What the exercise asks: Everything in the data except the pictures belongs in your answer, copied exactly.

Recorded data:
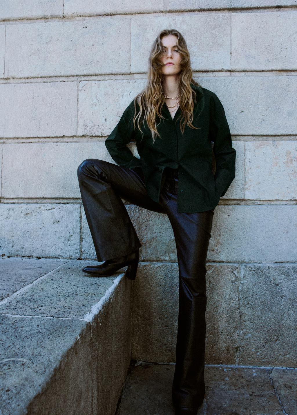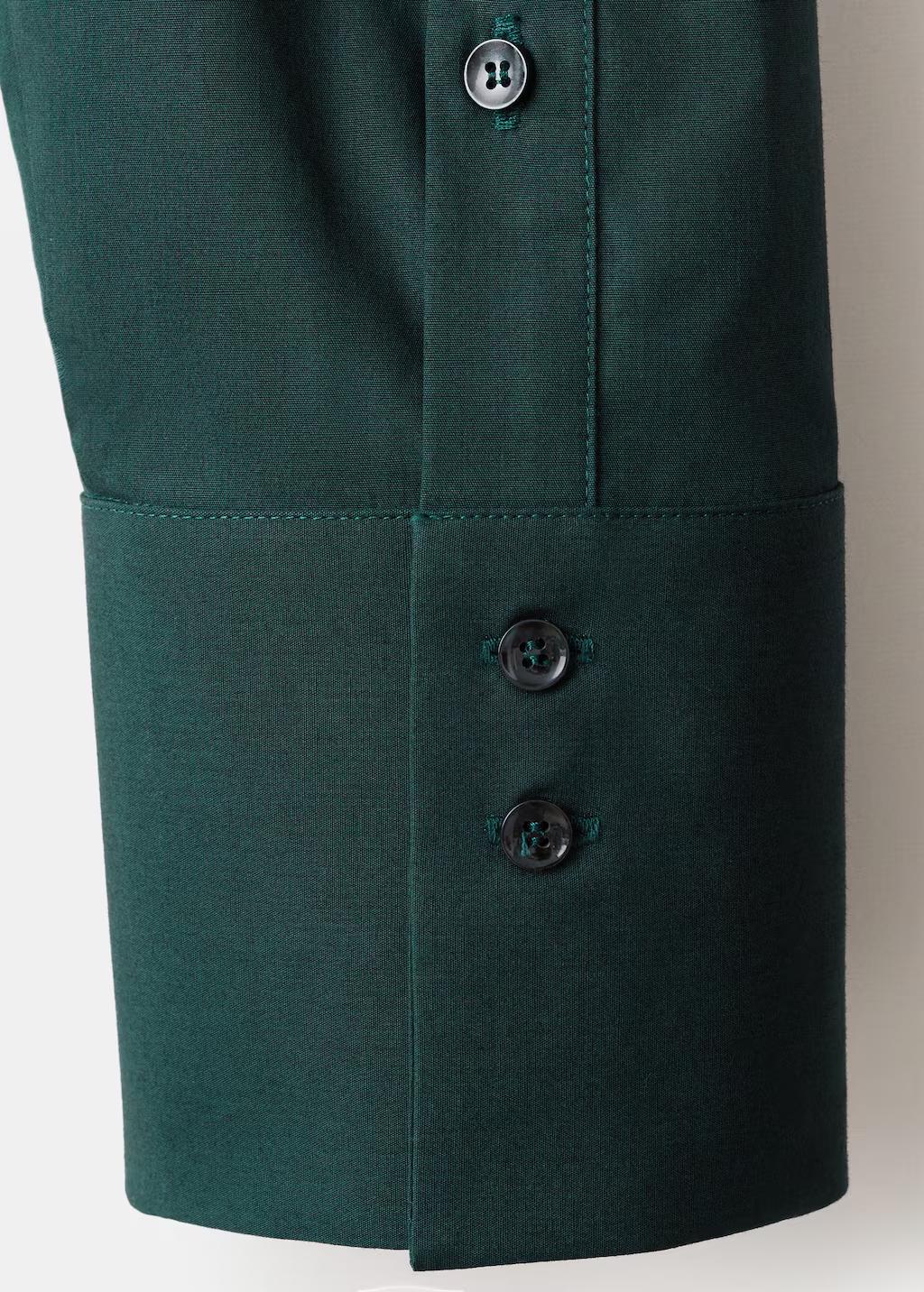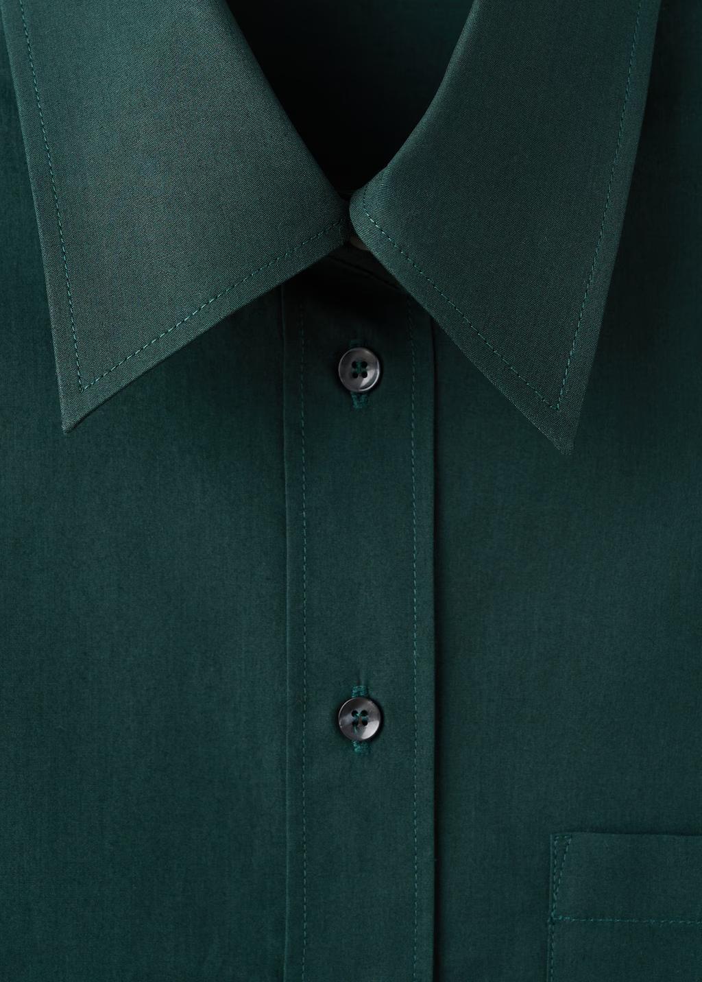 Confeccionada en tejido popelín de algodón, esta prenda presenta un diseño oversize con cuello camisero. Incluye un bolsillo de parche en el pecho, manga larga con puños abotonados y cierre delantero con botones
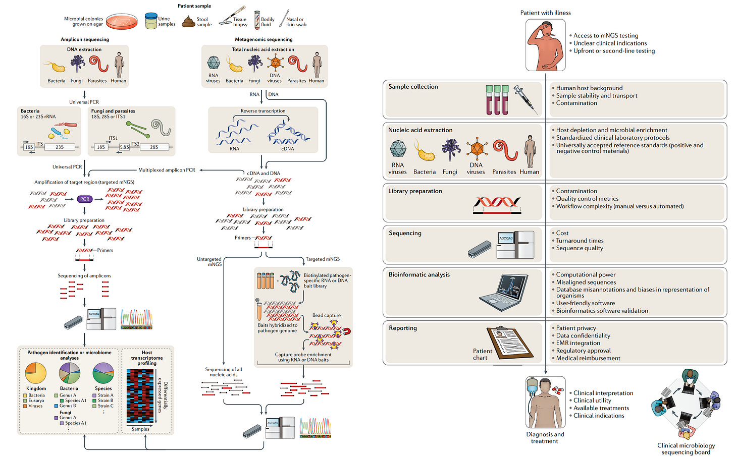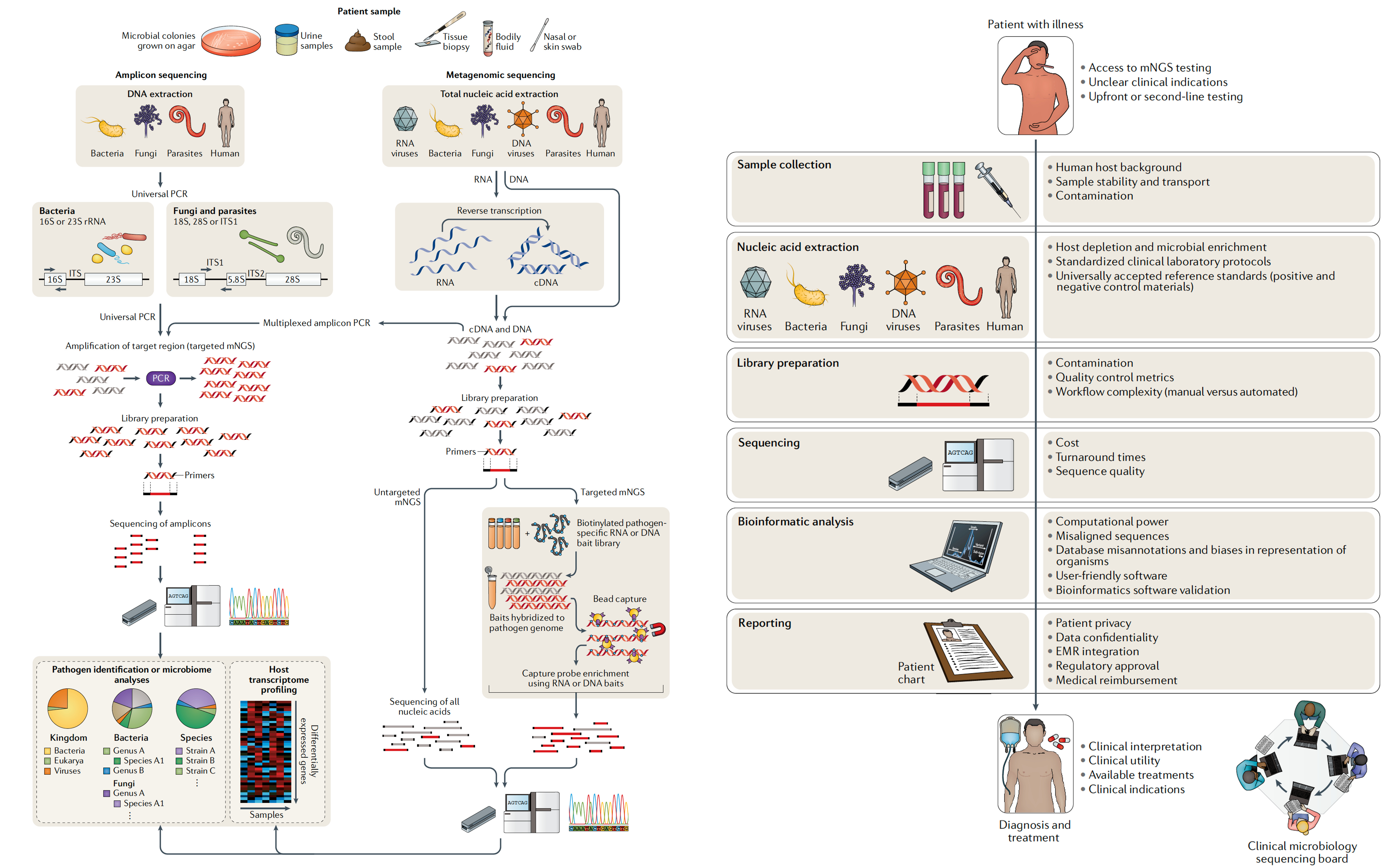 In contrast, “clinical metagenomics” as the field is known, takes an agnostic approach as to what is the causative pathogen. As shown in this excellent review, sequencing can be performed on any body fluid or tissue and there are several steps required, besides the sequencing, that include library preparation and bioinformatic analysis. There is no assumption about the bug—many cases successfully diagnosed by this technique would have been unthinkable pathogens, like an ameba, fungus or tuberculosis. The sequence tells the story in place of a clinician’s intuition for what might be the cause of infection.
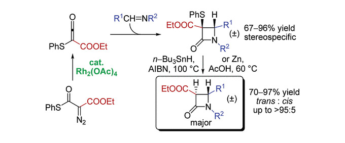 Ketene-imine cycloaddition reactions (the Staudinger reaction) of ethoxycarbonyl(phenylthio)ketene with various imines and subsequent desulfurization reactions were employed to synthesize 3-ethoxycarbonyl β-lactam derivatives. The results indicate that the current approach provides a convenient, mild, and versatile method for synthesizing a variety of 3-alkoxycarbonyl trans-β-lactam derivatives with good to excellent yields and diastereoselectivities.
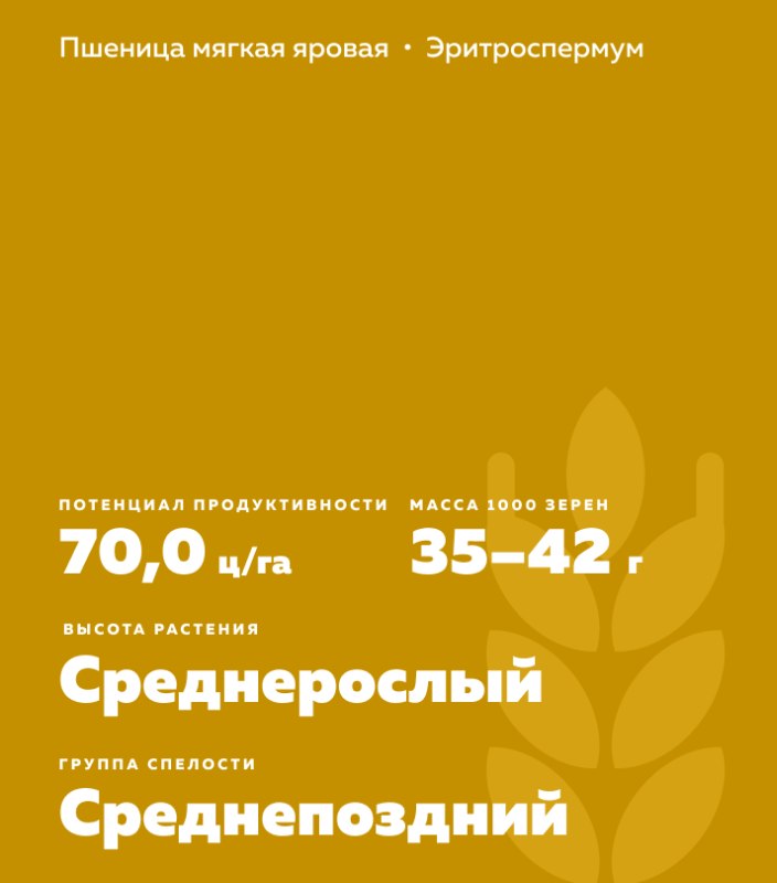 Triticum aestivum L.). Среднепоздний, среднерослый. Очень засухоустойчив. Полностью устойчив к стеблевой ржавчине, умеренно устойчив к бурой ржавчине.

Reply:
 Confeccionada en tejido popelín de algodón, esta prenda presenta un diseño oversize con cuello camisero. Incluye un bolsillo de parche en el pecho, manga larga con puños abotonados y cierre delantero con botones
 In contrast, “clinical metagenomics” as the field is known, takes an agnostic approach as to what is the causative pathogen. As shown in this excellent review, sequencing can be performed on any body fluid or tissue and there are several steps required, besides the sequencing, that include library preparation and bioinformatic analysis. There is no assumption about the bug—many cases successfully diagnosed by this technique would have been unthinkable pathogens, like an ameba, fungus or tuberculosis. The sequence tells the story in place of a clinician’s intuition for what might be the cause of infection.
 Ketene-imine cycloaddition reactions (the Staudinger reaction) of ethoxycarbonyl(phenylthio)ketene with various imines and subsequent desulfurization reactions were employed to synthesize 3-ethoxycarbonyl β-lactam derivatives. The results indicate that the current approach provides a convenient, mild, and versatile method for synthesizing a variety of 3-alkoxycarbonyl trans-β-lactam derivatives with good to excellent yields and diastereoselectivities.
 Triticum aestivum L.). Среднепоздний, среднерослый. Очень засухоустойчив. Полностью устойчив к стеблевой ржавчине, умеренно устойчив к бурой ржавчине.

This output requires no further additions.